Their destruction wouldn’t come at Christ’s hands though, it would come from their own violent arrogance and disobedience. The center of Jewish worship was going to come tumbling down but God would not abandon his people.
The Third Temple?
Several places in the New Testament refer to a new third Temple that is different from the first two. First, as we have seen, Jesus calls himself the new Temple that replaces the old ones. Though scripture doesn’t stop there. Look at what Paul says to the first century Corinthian Christians.
Don’t you know that you yourselves are God’s temple and that God’s Spirit dwells in your midst… for God’s temple is sacred, and you together are that temple.
1 Corinthians 3:16-17
This is just one of several passages that claim that Christians are the new Temple of God (2 Corinthians 6:16, 6:19; 1 Peter 2:5). What is incredible is that the promise that God made to David was finally fulfilled through Jesus Christ. God promised that He Himself would build a Temple, through his son. Even though David misunderstood and God accommodated it, with Jesus everything is put right.

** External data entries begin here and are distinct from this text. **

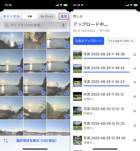 Dropboxモバイルアプリのホーム画面や、画面下の「+」ボタンで開くメニュー画面には、「写真をアップロード」というボタンがあります。これをタップすると、スマホに保存された写真の一覧が表示されますので、写真/ビデオを1つずつタップしてチェックマークを入れていきます。最後に「追加」をタップし、アップロード先(フォルダ)を選択すれば、アップロード処理が始まります。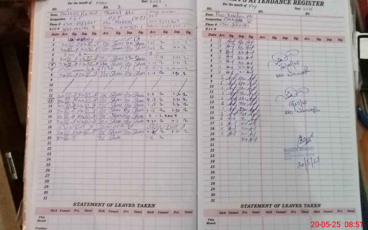 | CNIC | Full Name | Designation | R/C | Absence During Last Calender Month |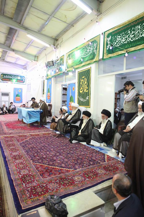 جلسه عمومی نشست دوره ای اساتید پنجم خرداد 1393 در شب مبعث رسول گرامی اسلام صلی الله علیه و آله و سلم با حضور حدود 900 نفر از اساتید سطوح عالی و خارج حوزه علمیه قم در دفتر حضرت آیت الله صافی گلپایگانی برگزار شد.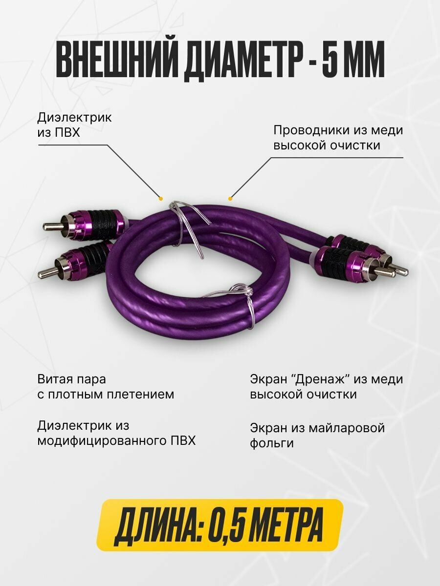 Межблочный кабель 2RCA 0,5 м для авто, Global Audio MPLS-05M провода тюльпаны для сабвуфера и усилителя интересное:

Consequently, you are no longer foreigners and strangers, but fellow citizens with God’s people and also members of his household, built on the foundation of the apostles and prophets, with Christ Jesus himself as the chief cornerstone. In him the whole building is joined together and rises to become a holy temple in the Lord. And in him you too are being built together to become a dwelling in which God lives by his Spirit.

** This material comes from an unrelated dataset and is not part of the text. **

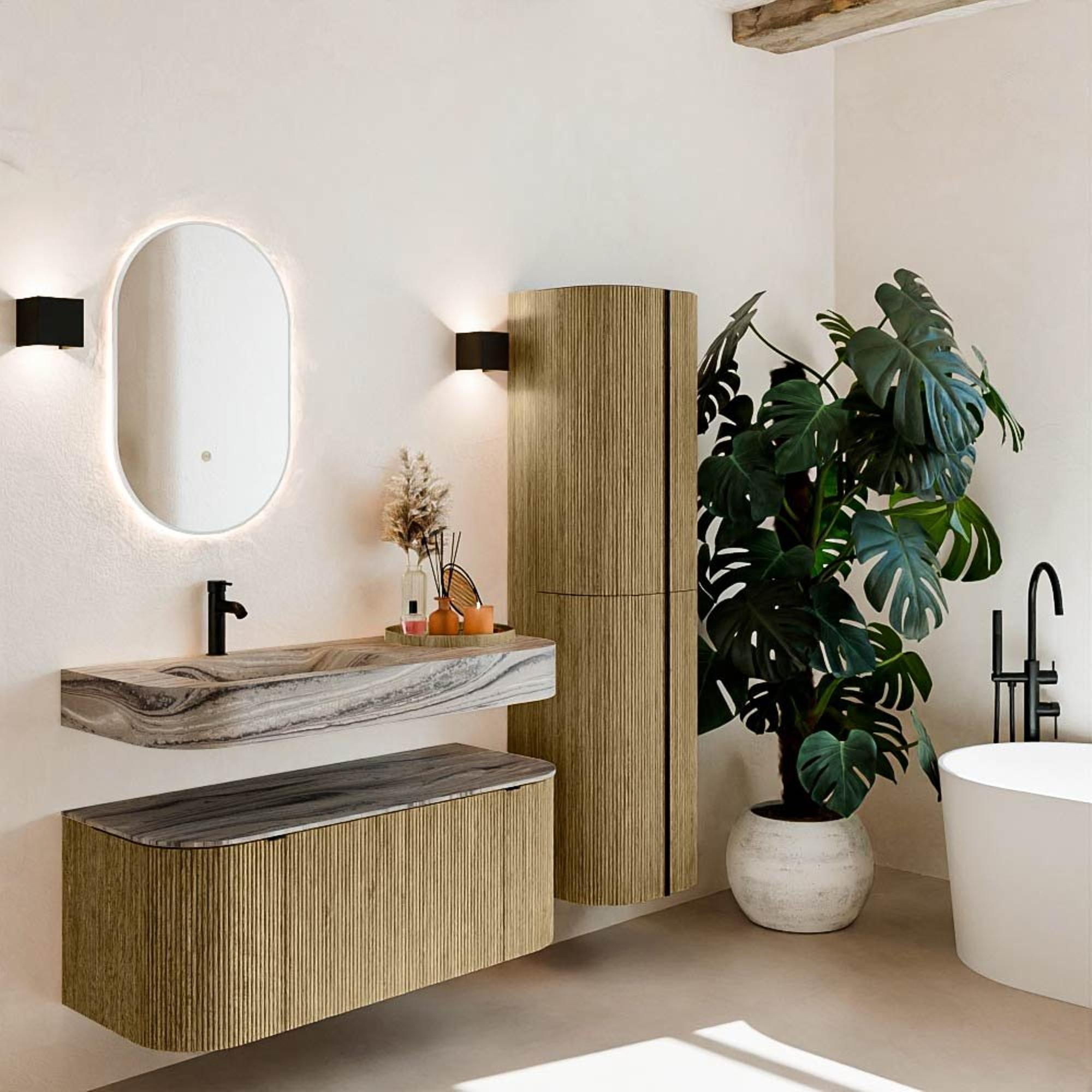 Natuurlijke materialen in warme tinten. De verticale ribbels brengen ritme en textuur in het ontwerp, terwijl het eikenhout zorgt voor een warme, ambachtelijke uitstraling. Kies uit 5 houttinten OAK, WALNUT, DUSK, SHADOW en RUBY zorgvuldig geselecteerde houtkleuren om zowel moderne als klassieke badkamers te verrijken.

Finally, at the end of the New Testament in the book of Revelation the future of the Earth is described.
I did not see a temple in the city, because the Lord God Almighty and the Lamb are its temple.
So, from the Gospels, we learn that Jesus is greater than the Temple. The Temple is Jesus’ Body. Since Jesus replaced the Temple, it is no surprise that at the moment of his death, the curtain in the Temple was torn in two (Matthew 27:51). From this moment on, God has changed the way in which he will relate to people: without the various barriers in the temple that symbolized degrees of access to God.
A Third Temple was rendered obsolete by the tearing of the curtain. Jesus clearly told his disciples that the Second Temple would be destroyed, but he never talked about a Third Temple building being constructed or even needed. What is even more amazing is that Jesus claims that his body is the New Temple and Scripture says that Christians are his body (Romans 12:5; 1 Corinthians 12:12-27; Ephesians 3:6, 5:23; Colossians 1:18, 24). This is further confirmed by the numerous times that Scripture says that we are now the Temple.
For almost 2,000 years of Christianity, no one expected there to be a physical third Temple building. There just aren’t any Scriptures that point out there being an expectation for one. Instead, so much of prophecy and God’s plan is revealed in Jesus and his body becoming the new Temple. In fact, to expect a third Temple building is to disregard Jesus and the prophecies he fulfilled.
The idea that a third physical Temple building needs to be built to usher in “end times” events is an invention of Zionism.
God’s house in Jerusalem was meant to be a “place of prayer for all the nations” (Isaiah 56:7; Mark 11:17), but God would now finally achieve this through the new Temple, which was Jesus himself and his people. There is no need to expect another Temple.